▸ **Aim of the task**
Images do not belong in the copy. Retype the entries exactly.

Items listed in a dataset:
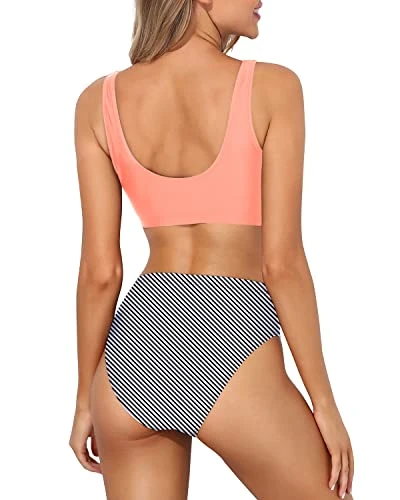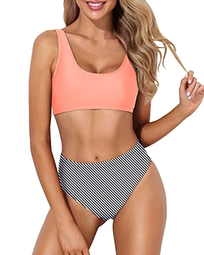 Whether you’re hitting the waves or soaking up the sun, this chic and comfortable scoop neck sporty high waisted bikini set is the perfect choice for any beach day.
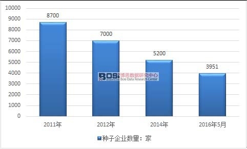 2011-2016年中國(guó)種業(yè)企業(yè)數(shù)量情況
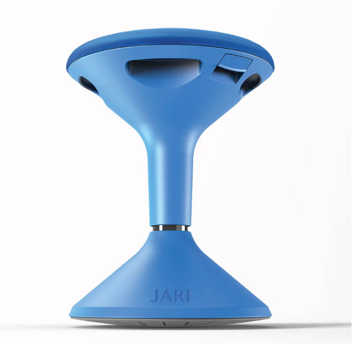 It is impossible to actually sit on a Jari Activstool, no lying back, no slouching and definitely no sitting still. With a rotating convex base Jari forms one leg of a stable tripod, your own legs provide the other two parts. That means you are constantly flexing, adjusting and moving; the ideal way to stay focused and concentrate.
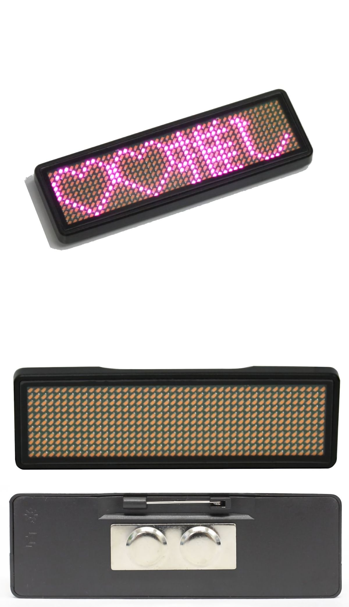 LED上に動く文字や絵文字を専用ソフトで転送して表示可能な胸ポケットに装着できるバッジです。
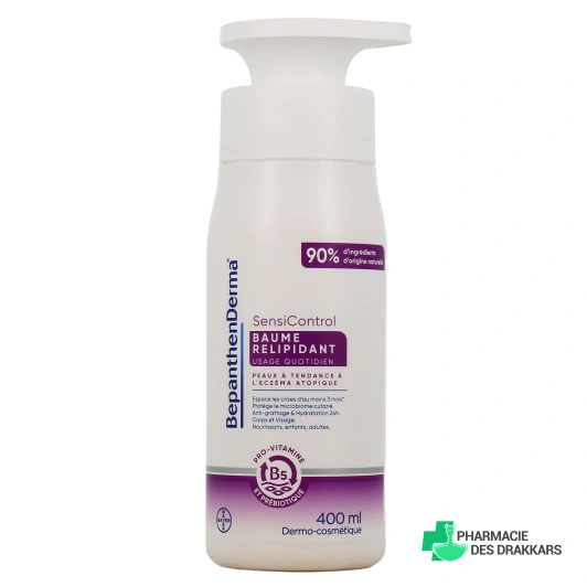 Le baume relipidant SensiControl est un soin quotidien issu de la gamme BepanthenDerma. Il s'adresse aux personnes dont la peau présente une tendance à l'eczéma atopique.
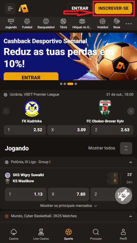 No canto superior direito, clica no botão “Increver-se”;
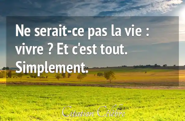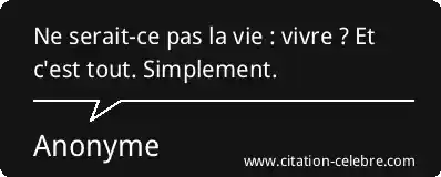 Ne serait-ce pas la vie : vivre ? Et c'est tout. Simplement.
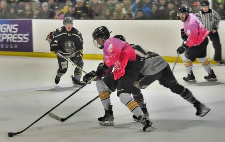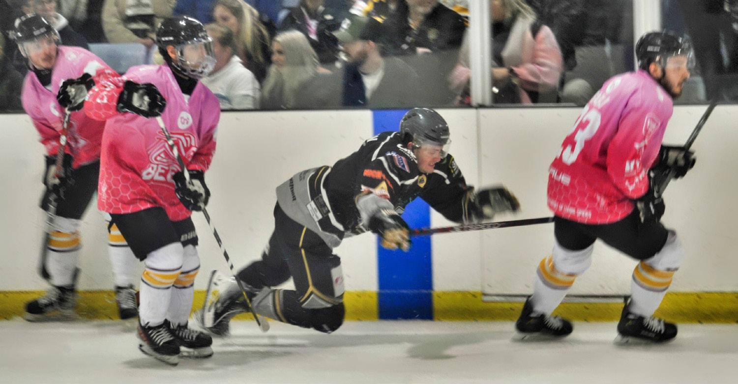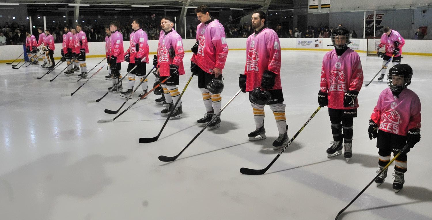 After a close battle in Milton Keynes on the previous night, the TSI World Bees welcomed the Milton Keynes Lightning to the Slough Ice Arena on Sunday evening for their second encounter with the Lightning for the weekend with the presence of the Pink Ribbon Foundation. It was a great start to the game for the Bees as Will Stead was able to get the puck to the

▸ **Answer section**
 Whether you’re hitting the waves or soaking up the sun, this chic and comfortable scoop neck sporty high waisted bikini set is the perfect choice for any beach day.
 2011-2016年中國(guó)種業(yè)企業(yè)數(shù)量情況
 It is impossible to actually sit on a Jari Activstool, no lying back, no slouching and definitely no sitting still. With a rotating convex base Jari forms one leg of a stable tripod, your own legs provide the other two parts. That means you are constantly flexing, adjusting and moving; the ideal way to stay focused and concentrate.
 LED上に動く文字や絵文字を専用ソフトで転送して表示可能な胸ポケットに装着できるバッジです。
 Le baume relipidant SensiControl est un soin quotidien issu de la gamme BepanthenDerma. Il s'adresse aux personnes dont la peau présente une tendance à l'eczéma atopique.
 No canto superior direito, clica no botão “Increver-se”;
 Ne serait-ce pas la vie : vivre ? Et c'est tout. Simplement.
 After a close battle in Milton Keynes on the previous night, the TSI World Bees welcomed the Milton Keynes Lightning to the Slough Ice Arena on Sunday evening for their second encounter with the Lightning for the weekend with the presence of the Pink Ribbon Foundation. It was a great start to the game for the Bees as Will Stead was able to get the puck to the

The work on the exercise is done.